- **What is needed**:
Among the lines below, copy exactly those from the one with "Zveme na další" through the one with "在 84.30 之下,看跌,目标价位为 82.00 ,然后为 81.10 。", counting both ends.

- **Stored data**:
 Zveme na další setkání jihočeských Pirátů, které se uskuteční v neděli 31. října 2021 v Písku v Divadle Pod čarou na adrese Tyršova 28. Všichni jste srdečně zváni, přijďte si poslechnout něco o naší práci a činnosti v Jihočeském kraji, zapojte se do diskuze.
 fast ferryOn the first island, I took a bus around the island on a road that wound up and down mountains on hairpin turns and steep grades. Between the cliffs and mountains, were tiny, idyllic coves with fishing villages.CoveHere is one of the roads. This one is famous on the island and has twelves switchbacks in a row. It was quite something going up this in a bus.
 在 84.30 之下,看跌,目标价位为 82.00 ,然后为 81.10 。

...

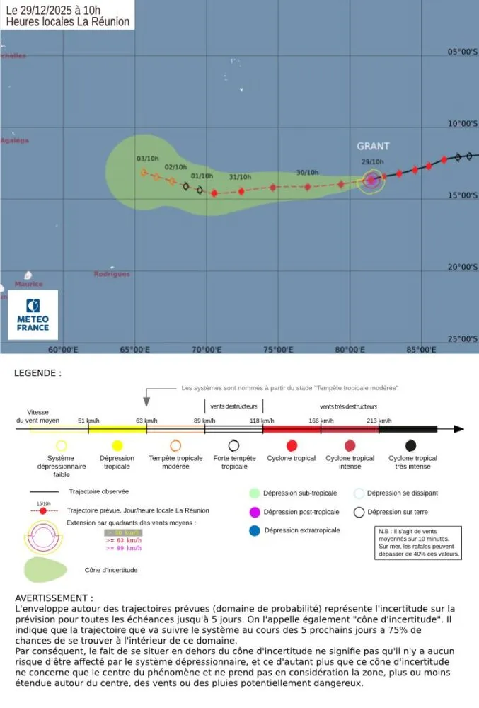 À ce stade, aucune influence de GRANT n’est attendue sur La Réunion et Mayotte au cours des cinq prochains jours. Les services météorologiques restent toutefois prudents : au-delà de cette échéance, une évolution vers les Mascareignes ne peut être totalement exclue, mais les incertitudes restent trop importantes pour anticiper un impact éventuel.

---

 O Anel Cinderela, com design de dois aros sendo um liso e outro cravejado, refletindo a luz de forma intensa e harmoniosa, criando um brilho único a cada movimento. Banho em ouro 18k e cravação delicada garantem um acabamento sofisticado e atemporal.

- **Task response**:
 Zveme na další setkání jihočeských Pirátů, které se uskuteční v neděli 31. října 2021 v Písku v Divadle Pod čarou na adrese Tyršova 28. Všichni jste srdečně zváni, přijďte si poslechnout něco o naší práci a činnosti v Jihočeském kraji, zapojte se do diskuze.
 fast ferryOn the first island, I took a bus around the island on a road that wound up and down mountains on hairpin turns and steep grades. Between the cliffs and mountains, were tiny, idyllic coves with fishing villages.CoveHere is one of the roads. This one is famous on the island and has twelves switchbacks in a row. It was quite something going up this in a bus.
 在 84.30 之下,看跌,目标价位为 82.00 ,然后为 81.10 。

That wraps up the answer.